Last week, Business Secretary Vince Cable revealed the Government-run postal services organisation could be mutualised as it attempts to slash operating costs.
As part of the changes, which will be brought forward in the second part of the Postal Serv-ices Bill following Richard Hooper’s review of the company earlier this year, the pension scheme will be nationalised to allow other parts of the business to be sold off.
Nabarro partner Anne-Marie Winton says: “It is solving with legislation what the private sector would love to do. They are effectively just parking the pensions deficit. Effectively, the Government is manipulating the system. Absent this bit of legislation, I don’t see how the privatisation would actually work.
“It certainly shows that it is not a level playing field because we cannot do that in the private sector but you can in the public, which seems a bit tough for the taxpayer.”
The bill, if passed, will effectively enable the Government to set up a mirror of the current scheme. The taxpayer will then be responsible for paying off the deficit once an agreement has been reached with The Pensions Regulator over the length of its recovery plan.

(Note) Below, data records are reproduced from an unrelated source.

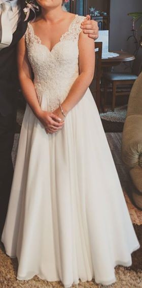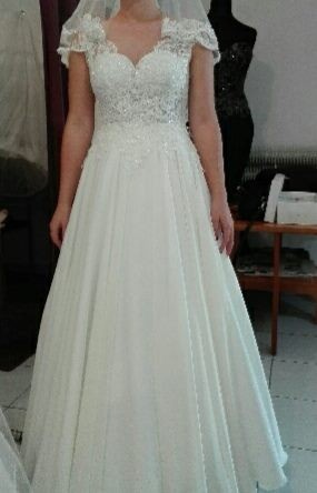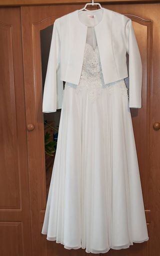 Mam do sprzedania suknię ślubną w rozmiarze XS. Suknia jest w bardzo dobrym stanie. Góra sukni wykonana jest z koronki, dół muślinowy, do tego halka na kole, marynarka z długim rękawem oraz welon wykończony koronką( taka sama koronka jak góra sukni. Suknia na wzrost 155 cm + 8 cm obcas.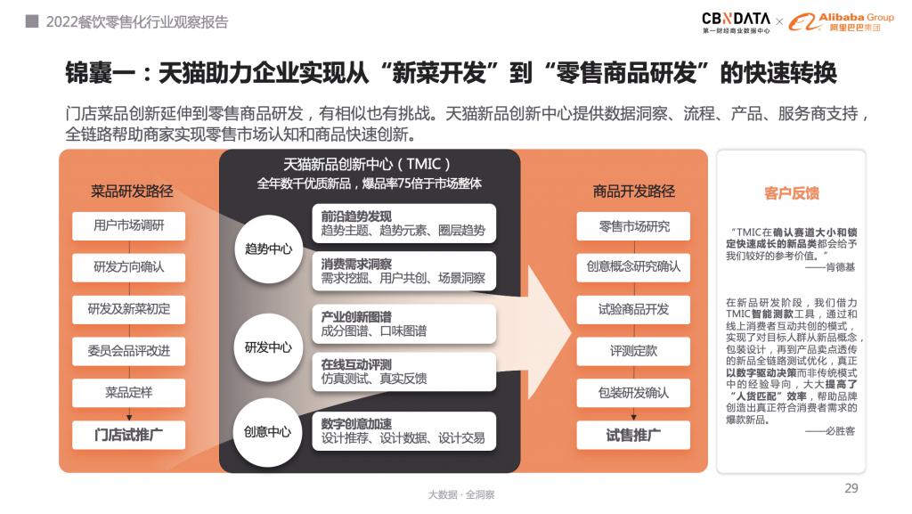 以選品為例,天貓新品創新中心(TMIC)聚焦趨勢中心、研發中心、創意中心等三大職能部門,可為餐企提供數據洞察、流程、產品、服務商等新品開發全鏈路支持。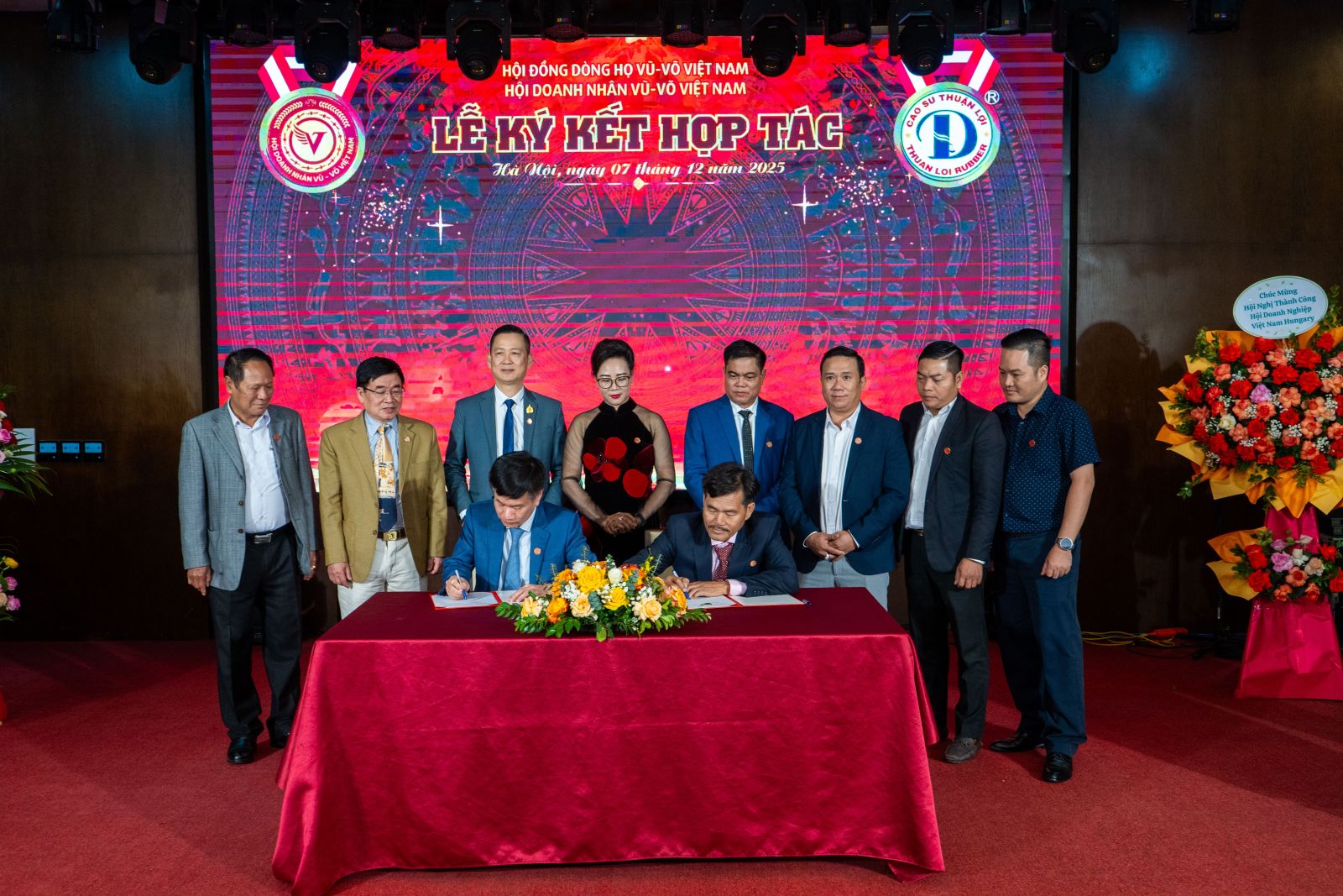 Tiếp theo chương trình, Hội Doanh nhân Vũ – Võ Việt Nam đã long trọng tổ chức Lễ ký kết hợp tác quốc tế giữa Chủ tịch Vũ Văn Hậu – đại diện Hội và ông Phạm Ngọc Chu – đại diện doanh nghiệp Hungary. Buổi ký kết có sự chứng kiến của các Phó Chủ tịch Hội cùng đoàn doanh nhân Hungary, thể hiện tinh thần hợp tác và tầm nhìn hội nhập quốc tế của Hội doanh nhân Vũ – Võ Việt Nam. Thỏa thuận hợp tác giữa hai bên tập trung vào các lĩnh vực trọng tâm: phát triển – công nghệ – thương mại – kết nối quốc tế, mở ra cơ hội thúc đẩy giao thương, chuyển giao tri thức và tăng cường liên kết giữa doanh nghiệp Vũ – Võ Việt Nam với các đối tác châu Âu.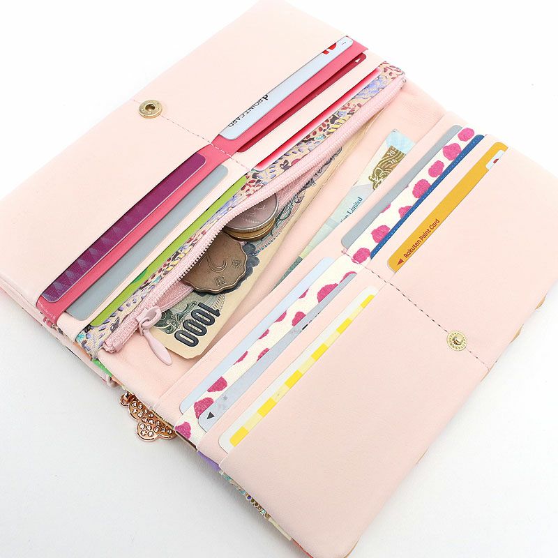 中央にはネコガオの金具がポイントとしてあしらわれており、キラキラと華やかなとびきり可愛いお財布です。
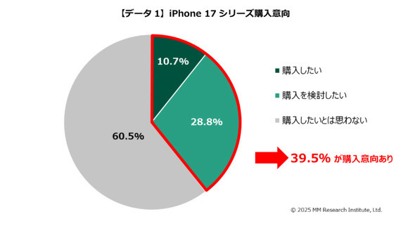 MM総研は、10月2日に「iPhone 17シリーズ購入意向調査(2025年9月時点)」に関する調査結果を発表した。調査対象はiPhoneを利用している15〜69歳の男女で、回答件数は1583人。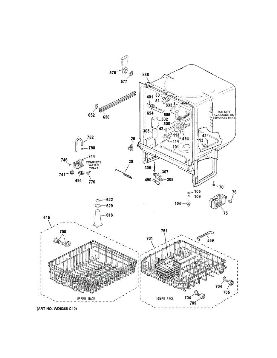 Prevents water leaks at the dishwasher door corners during wash cycles. Replace if you notice leaking along the bottom of the door. Clips onto tub rail.
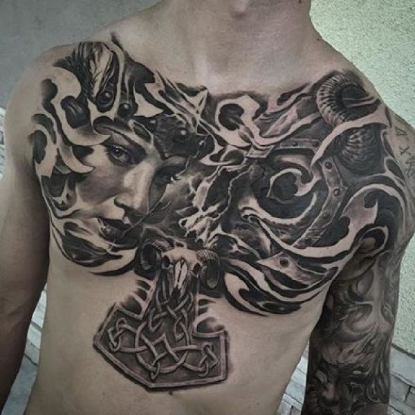 花胸纹身--一组男性霸气的大花胸纹身图案作品欣赏

TPR is currently mulling over the deficit repayment structure presented to it by Royal Mail. The plan includes a 38-year recovery period, described by Hooper as “unprecedented by modern standards”. TPR previously indicated it had “substantial concerns” over the recovery plan.
The decision could also fall foul of the EU competition rules. She says: “You could argue that the state is doing something to make a particular business more marketable. What if there were other competitors to Royal Mail, like UBS, who might say, ’we would love to have the luxury of dumping our pension liabilities and starting again but we cannot’”.